One way to make an increase in gasoline and oil taxes easier to swallow is to phase those taxes in over time. Economic theory predicts that credible future gasoline and oil taxes will bring down the price of oil now. If everyone knows and believes gasoline and oil taxes will increase over time, the value of keeping oil in the ground to sell it in the future will be lower, so that oil is more likely to be put on the market now—at a lower price. And down the road, if solar power continues to get cheaper—and new ways to store power get cheaper, too—those gasoline and oil taxes in the future won’t be as painful as they would be now.

For too long, the US and many of its allies have either ignored the dangers of the world and turned inward, or have been drawn into fighting wars against dictators or terrorists funded by oil riches. One of the best ways for the US and its allies to support the valiant men and women who fight and die to defend the free world and to keep those parts of the world that are struggling towards freedom from descending into chaos is by taking high oil revenues out of our enemies’ war chests.

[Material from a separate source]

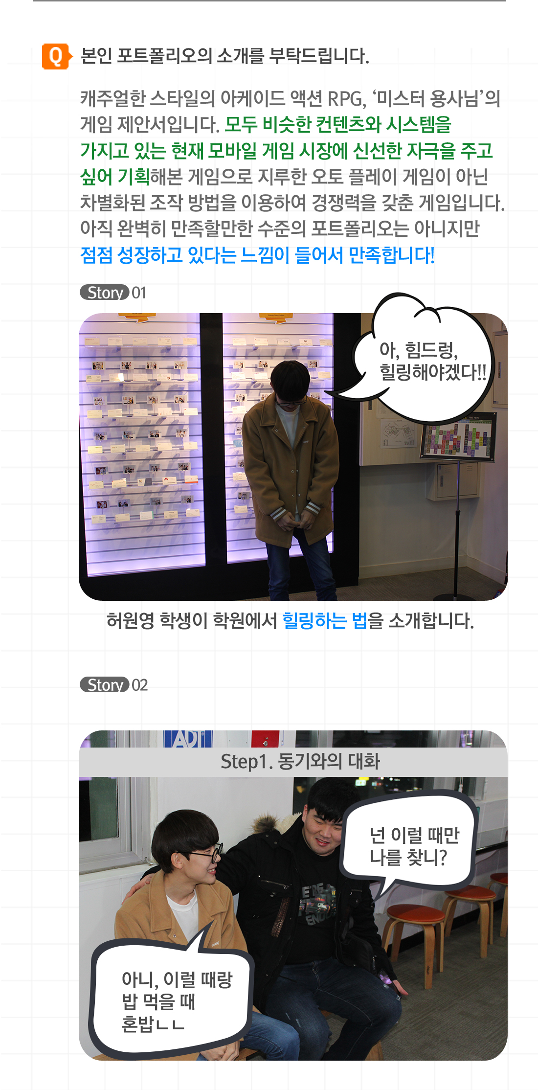 초심을 잃지 말고 나만의 포트폴리오를 만드세요! 기획자의 길은 멀고도 험합니다. 그 길을 혼자 가려고 하지 말고 주변 동료들과 많은 시간을 보내면서 정보도 공유하고 힐링하는 시간도 가지세요! 미스터 용사님 제안 기획서 서울게임아카데미 게임기획 과정 허원영 학생의 포트폴리오 인터뷰를 공개합니다. 인터뷰에 응해주셔서 감사 드리며 훌륭한 기획자로 거듭날 수 있기를 기원합니다. Q. 반을 담당하신 선생님은 누구세요? 항상 날카롭게 피드백을 해주시고 저희들에게 신경을 안 쓰는 척 하시지만, 은근히 따뜻하게 잘 챙겨주시는 자랑스러운 최효석 선생님이십니다! (츤츤츤데레) 자유롭게 기획서를 쓸 수 있게 해주시되 잘못된 부분이 있으면 바로 바로 지적해주시고 저만의 문서 스타일을 만들 수 있게 항상 노력해주시는 모습이 아주 아름다우신(!?) 선생님입니다 ㅎㅎ Q. 본인 포트폴리오의 소개를 부탁합니다. 캐주얼한 스타일의 아케이드 액션 RPG, ‘미스터 용사님’의 게임 제안서입니다. 모두 비슷한 컨텐츠와 시스템을 가지고 있는 현재 모바일 게임 시장에 신선한 자극을 주고 싶어 기획해본 게임으로 지루한 오토 플레이 게임이 아닌 차별화된 조작 방법을 이용하여 경쟁력을 갖춘 게임입니다. 아직 완벽히 만족할만한 수준의 포트폴리오는 아니지만 점점 성장하고 있다는 느낌이 들어서 만족합니다! Q. 포트폴리오를 만들면서 가장 힘들었던 점은 무엇인가요? 머릿속에 있는 아이디어가 제 손을 통해 기획서가 되는 과정은 굉장히 뿌듯합니다! 하지만, 그만큼 시간이 오래 걸리는 작업이다 보니 체력이 부족하다는 것을 느꼈습니다. 지금은 수면이나, 운동 등 다양한 활동을 통해서 체력이라는 단점을 극복하는 중입니다. Q. 후배들에게 하고 싶은 말이 있다면? 기획이라는 분야가 쉽게 생각할 수도 있고, 누구나 한다고 생각할 수도 있는데 그만큼 경쟁자도 많고 제대로 된 실력을 쌓는데 시간도 오래 걸린다고 생각합니다. 그 과정에서 주변에 함께 고생하는 사람들과 자주 얘기를 나누며 힐링도 하고, 도움을 받으면서 나만의 포트폴리오를 만드는데 집중하세요! 끝까지 초심을 잃지 않고 의미 있는 시간을 보낸다면 자기 자신이 만족할만한 자랑스러운 포트폴리오가 만들어지지 않을까요? 모두 노력한 만큼 성과가 있기를 기원합니다! Q. 마지막으로 남기고 싶은 말이 있다면? 포폴 준비하면서 체력이 부족해 많이 힘들었어요. 그런데 앞으로는 힘든 시간도 더 많을 것이고, 가끔은 크게 흔들리겠죠… 그럴 때마다 마음을 다잡고 초심을 생각하며 제 자신을 크게 응원하며 이겨내고 싶습니다.

Technical Note: In light of the title, I should point out that, from an efficiency standpoint (without regard to politics), there may no justification for phasing in a gasoline tax increase slowly. If a national security externality were like an environmental externality, that externality should ideally be reflected in the tax rate right now. But the national security externality is actually a pecuniary externality, so it would take some nontrivial reasoning to figure out whether or not there is any justification for phasing a gasoline tax in. It is an optimal taxation problem in which money in the hands of certain parties counts negatively.